我摸不着这团乱麻的线头,只好跟着乌尔夫走。
他脸色还是很差,背影气势汹汹的,但这股气不是对着我,而是冲背后的人去的。
可等到乌尔夫走近那段回忆,他的情绪却变了,由怒转静,我突然明悟,停下脚步,给他留出私人空间。
乌尔夫蹲下身子,他没去瞧小时候的自己,只是安静地用手给死去的母亲梳理毛发。
从身体一点点往上梳,到颈部,再到狼头,乌尔夫盯着巨狼失去神采的瞳孔,沉默半晌,倾身将脸贴过去,和狼头相抵。
幼年乌尔夫没有动作,保持着低头的姿态。
过了一会儿,乌尔夫从地上起来,拔出别在腰间的匕首,那是一把短刃,从剑柄到剑身,纯白一色。
没有任何犹豫,直接捅进幼年乌尔夫的胸口。
我惊出一身冷汗,下意识喊了一句不要。
两个乌尔夫同时看了过来,一金一蓝两双眼睛,我被定在原地,心神恍惚。
叫醒我的是剧烈的震感,晃得我站都站不稳,我努力想保持平衡,却还是摔在了地上,四肢伏地,状态狼狈。
“啧。”
乌尔夫不知什么时候瞬移到我身侧。
“好弱、好麻烦。”
他嘴上这么说,却伸手把我抱起来,快步奔逃。
我从他肩膀探出脑袋,往身后看——黑雾滚滚,席卷而来,小小的乌尔夫、他怀中的白狼、围着他的族人都被那片雾海吞没。
“好奇心怎么这么旺盛,不想做瞎子就把脑袋转回来!”
他提了我才惊觉眼眶有被灼烧的热感,立马缩起脖子,将脑袋靠在他身上不再动弹。
头顶响起清晰无比的嗤笑声。
百米远的地面立着一扇大门,和第七层终点处的青铜门类似,乌尔夫奔过去,一脚踹开,闪身而入。
032
门的对面是一条小巷,左右是屋墙,破旧、带着经年累月的棕黑污渍。
乌尔夫弯腰将我放下,转身朝巷口走,我连忙跟上去。
我小声问他,“我们要去哪儿?”
乌尔夫:“找以前的自己,破幻境。”
没有人会比自己更清楚自己的所在地。
乌尔夫领着我走街串巷,来到一处贩卖人口的市场。
作为被买卖的商品,不管大人还是小孩,都关在铁笼中。
笼子是固定的大小,小孩还好,年纪大一些的,就只能蹲着或坐着,个别身高突出的,甚至要躬身缩肩,远远看去,像没了脖子,一颗头直接安在肩膀上。

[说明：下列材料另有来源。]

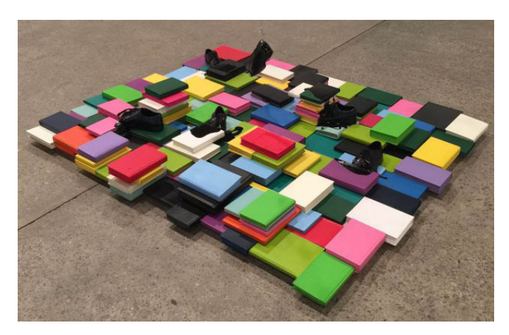
Part of Jim Lambie's exhibition "Train in Vein" at Anton Kern Gallery.

The triad of book pieces each frame a different floating lowbrow wonder: an infinite squiggle of connected bike tires, turned-over chairs draped with a multitude of Op-inspired kerchiefs, and a hanging chain that's flowered by wingtip shoes and cheap sunglasses (a nod both to Magritte and 60's mod style). The works culminate at the top of the gallery's planked ceiling, each ending in its own glitzy retro suitcase and each emblazoned with a different play on a legendary punk song title.

我有些迈不动脚,被奴隶市场的现状冲击得一步三回头,直到乌尔夫看不下去,回过头来,揪着我的衣服后领,把我拽走。
比起我,他脚步没有任何迟疑,直直走向某处。
这个时期的乌尔夫要比之前高一点,但瘦了很多,两颊微微凹陷、皮肤粗糙、嘴唇干裂起皮,他身上套着一件不合身的衣服,头发脏脏的,脸却是干净的,不难看出商户想借脸抬价的打算。
他坐在地上,隔着笼子和我们对视。
“他是不是能看到我们?”
身边的乌尔夫还没说话,笼子里的乌尔夫先开口了,“可以看到。”
“你是谁?”他问我。
我张嘴,正准备告诉他我的名字,被乌尔夫制止了。
按在肩膀上的手有些用力,我抬头,对上一张贴近的面孔,乌尔夫拧眉发问:“真傻假傻?”
“啊?”我不明所以。
“看来是真傻。”他断言,随后拔出匕首对准小乌尔夫又是一刀,“幻境里别随便告诉人真名,容易被留下来。”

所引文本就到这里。